For the entire fiscal year, Palm realized a loss of $753 million, or $6.51 a share, compared with a loss of $110.9 million, or $1.05 a share, a year earlier. Revenue fell 44 percent to $735.9 million from $1.32 billion.
Still, Palm share price rose $1.68 to $15.70 in trading before exchanges opened, and shares have more than quadrupled this year in large part on speculation that the Palm Pre will fuel a comeback at the company.
Also, the fourth-quarter and full-year results don't account for the success the Palm Pre has seen since it went on sale June 6 -- and Jon Rubenstein made sure investors and analysts looked to the company's future.
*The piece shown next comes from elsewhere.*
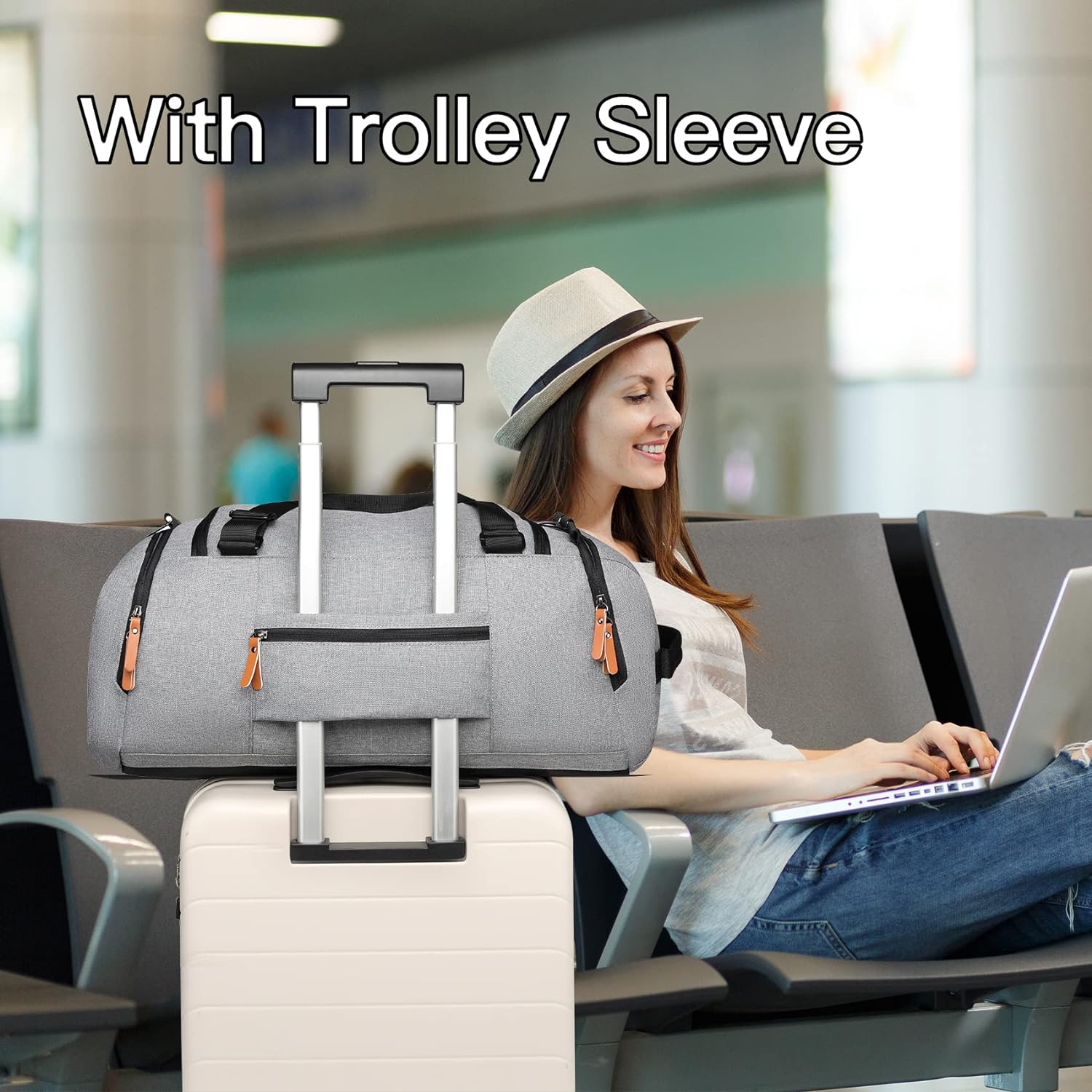 • FUNCTIONAL SPORTS BAG: Large Capacity-40L:(L)22.8" x (W)11.2" x (H)10.2", Weight: 0.7kg/1.5 pounds. Equipped with a removable and adjustable padded shoulder strap and double handles with padded, the travel duffel bag can be used as a carry-on, crossbody, and shoulder bag. Moreover, it can serve as a travel bag, weekend and overnight bag, or sports bag

"The launch of Palm webOS and Palm Pre was a major milestone in Palm's transformation," Rubenstein said in a statement. "We have now officially re-entered the race. We have more to accomplish, but the groundwork is laid for a very promising future here at Palm."
The Pre, the first smartphone operating on the company's new webOS mobile operating system, hit store shelves three weeks ago. It faces tough competition from Apple's (NASDAQ: AAPL) new iPhone 3G S, as well as other models expected from Research In Motion (NASDAQ: RIMM) and those running on Android from HTC, Samsung and Motorola.
Still, Rubenstein said the lucrative smartphone market is healthy enough to sustain more than one top dog.
"Only a handful of companies have the software and product design capabilities," he said during the earnings call. "There's room for three to five players in this space. We don't have to beat each other to prosper."
Among the competition, the RIM BlackBerry dominates in the enterprise but its maker is trying to push into the consumer market, where Apple reigns supreme. But Palm's chief said there's initial interest in the Pre from the enterprise, as well.
"One thing we're seeing is a lot of interest out of the enterprise, and we don't have a lot of data yet, but the general feel is there is a lot of enterprise interest out there," he said.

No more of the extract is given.